REMEMBERING now, with Tanya beside him in the main terminal concourse, Mel wondered---as he had several times since---if he could not have handled the clash with Vernon a good deal better. He had an uneasy feeling that he had behaved badly. He could still have differed with his brother-in-law; even now Mel saw no reason to change his point of view. But he could have done it more good-naturedly, avoiding the tactlessness which was a part of Vernon Demerest's makeup, but not of Mel's.



There had been no confrontation, since that day, between the two of them; the near-encounter with Demerest in the airport coffee shop tonight had been Mel's first sight of his brother-in-law since the airport commissioners' meeting. Mel had never been close to his older sister, Sarah, and they seldom visited each other's homes. Yet sooner or later, Mel and Vernon Demerest would have to meet, if not to resolve their differences, at least to shelve them. And, Mel thought, judging by the strongly worded snow committee report---unquestionably inspired by Vernon's antagonism---the sooner it happened, the better.



"I wouldn't have mentioned the insurance bit," Tanya said, "if I'd known it would send you so far away from me."



Though the recollections which had flashed through his mind occupied only seconds of time, Mel was conscious once again of Tanya's perceptiveness concerning himself. No one else that he could remember had ever had quite the same facility for divining his thoughts. It argued an instinctive closeness between them.



He was aware of Tanya watching his face, her eyes gentle, understanding, but beyond the gentleness was a woman's strength and a sensuality which instinct told him could leap to flame. Suddenly, he wanted their closeness to become closer still.



"You didn't send me far away," Mel answered. "You brought me nearer. At this moment I want you very much." As their eyes met directly, he added, "In every way."



Tanya was characteristically frank. "I want you too." She smiled slightly. "I have for a long time."



His impulse was to suggest that they both leave now, and find some quiet place together... Tanya's apartment perhaps... and hang the consequences! Then Mel accepted what he already knew; he couldn't go. Not yet.

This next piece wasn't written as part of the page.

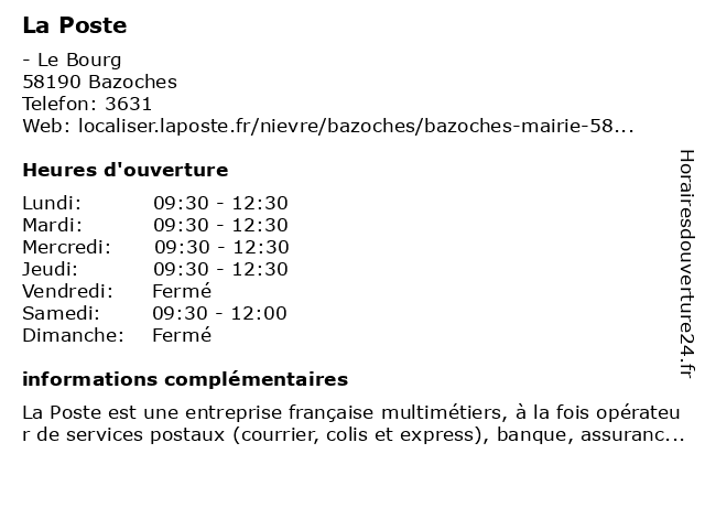 1 La Poste (Distance: 4,66 km) 6 Rue Saint Antoine, 89450 Domecy-sur-Cure agence postale, courrier postal, expédition internationale, la, poste 2 La Poste (Distance: 5,03 km) 4 Rue Grande Rue, 89450 Fontenay-prés-Vézelay express chronopost, la, poste, réexpédition internationale 3 La Poste (Distance: 7,91 km) n/a LE BOURG, 58190 BAZOCHES colis, courrier, enveloppe, envoi, la, lettres, livraison, paquets, poste, relais colis, timbres 4 La Poste (Distance: 11,64 km) 41 Place de l'Eglise, 58140 Marigny-l'Eglise colis, courrier, enveloppe, envoi, la, lettres, livraison, paquets, poste, relais colis, timbres 5 La Poste (Distance: 14,22 km) 3 Rue de la Chaume, 89200 Vault-de-Lugny express chronopost, la, poste, réexpédition internationale 6 La Poste (Distance: 14,73 km) - Le Bourg, 58190 Tannay express chronopost, la, poste, réexpédition internationale |

"We'll meet later," he told her. "Tonight. I'm not sure how much later, but we will. Don't go home without me." He wanted to reach out, and seize and hold her, and press her body to his, but the traffic of the concourse was all around them.



She reached out, her fingertips resting lightly on his hand. The sense of contact was electric. "I'll wait," Tanya said. "I'll wait as long as you want."



A moment later she moved away, and was instantly swallowed up in the press of passengers around the Trans America counters.